Kinetic basis for the substrate specificity during hydrolysis of phospholipids by secreted phospholipase A(2)

Kinetics of hydrolysis of aqueous dispersions of arsono-, sulfo-, phosphono- and phospholipids by phospholipase A(2) from pig pancreas are characterized in terms of interfacial rate and equilibrium parameters. The enzyme with or without calcium binds with high affinity to the aqueous dispersions of the four classes of anionic lipids and shows the same general kinetic behavior, The rate of hydrolysis of anionic substrates does not show an anomalous change at the critical micelle concentration because the enzyme is present in aggregates even when bulk of the substrate is dispersed as a solitary monomer.

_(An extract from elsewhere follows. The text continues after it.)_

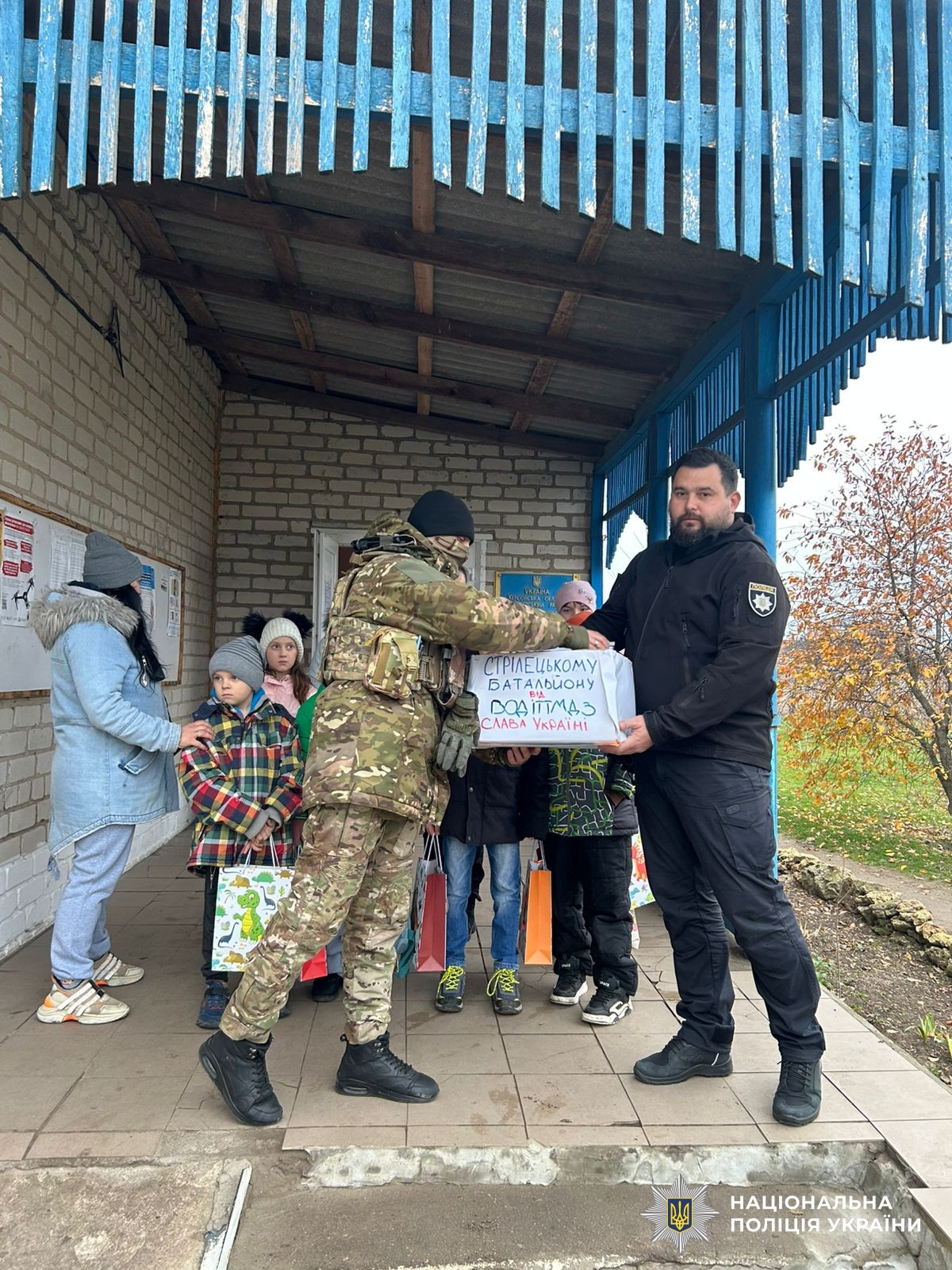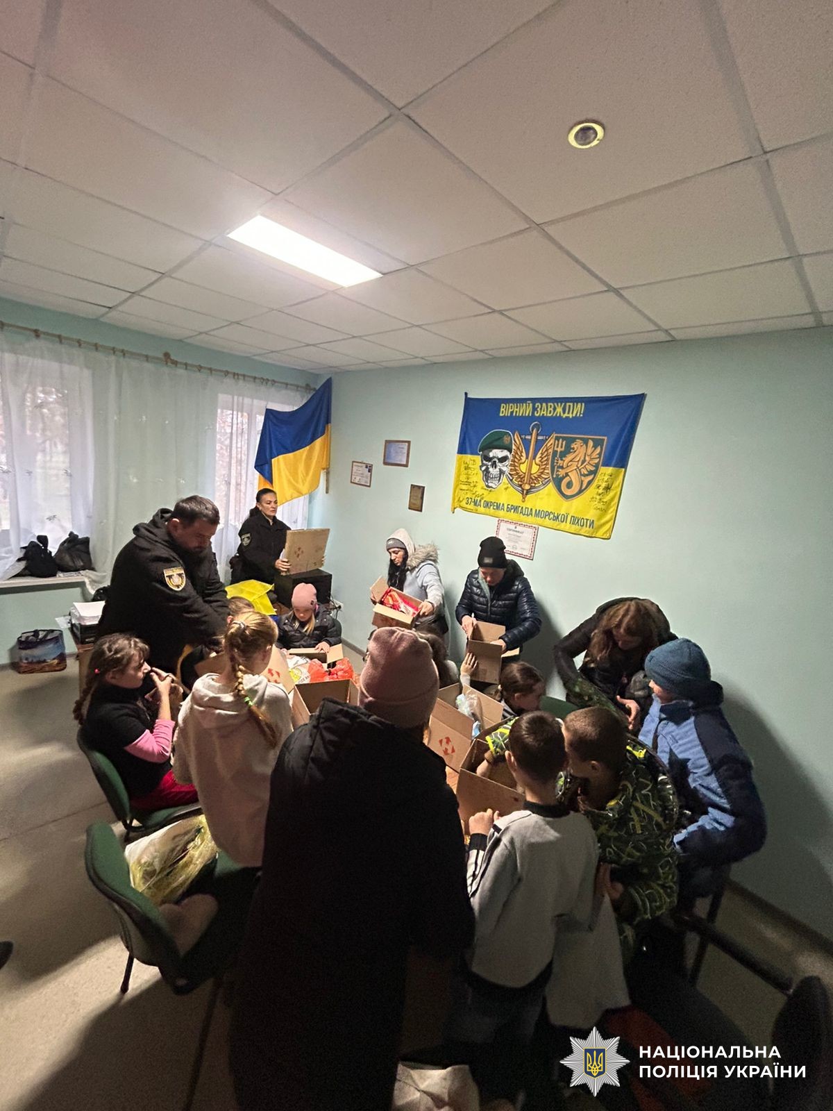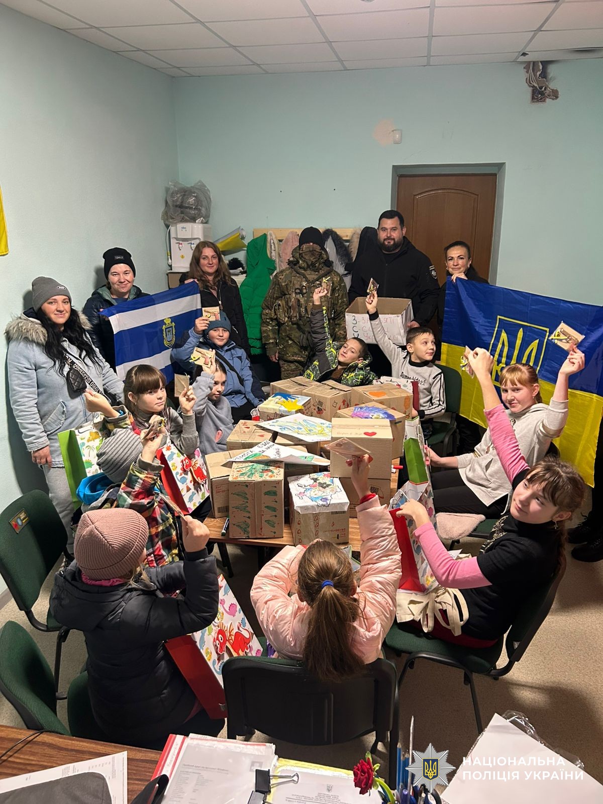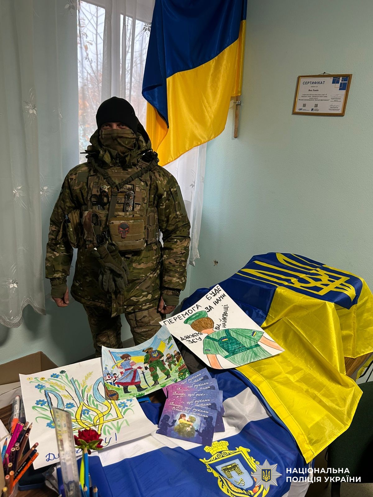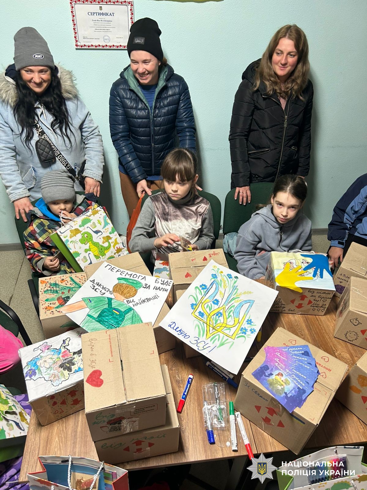 Також поліцейські привітали всіх хлопчиків та дівчаток, які брали участь у виготовленні малюнків, із Днем Святого Миколая, подарували їм солодощі й різні подарунки та побажали завжди вірити у дива та Збройні Сили України.

Apparent affinities of the enzyme for the interface of different anionic lipids are virtually the same. Also, affinities of these substrates for the active site of the enzyme at the interface are comparable. However, a significant change in the catalytic turnover rate is seen as the sn-3 phosphodiester group is modified; the apparent maximum rate at saturating bulk substrate concentration, V-M(app) values, increase in the order: homo- and arsonolipids < sulfo- < phosphono- < phospholipids. Not only the basis for the sn-2 enantiomeric selectivity but also the decrease in the rate of hydrolysis with the increasing chain length is due to a decrease in the value of V-M(app). Results show that even when the bulk concentration of anionic phospholipid is below cmc, hydrolysis occurs in aggregates of enzyme and substrate where the chemical step of the turnover cycle remains rate-limiting, which provides a basis for the assumption that V-M(app) is directly related to k(cat). The fact that k(cat) depends on the nature of the head group (phosphate, phosphonate, sulfate, arsonate) implies that the head group plays a critical role in the rate-limiting chemical step of the catalytic cycle, possibly during the decomposition of the tetrahedral intermediate. The significance of these results for the microscopic steady-state condition for hydrolysis at the micellar interface, mechanism of esterolysis by phospholipase A(2), and inhibitor design are discussed.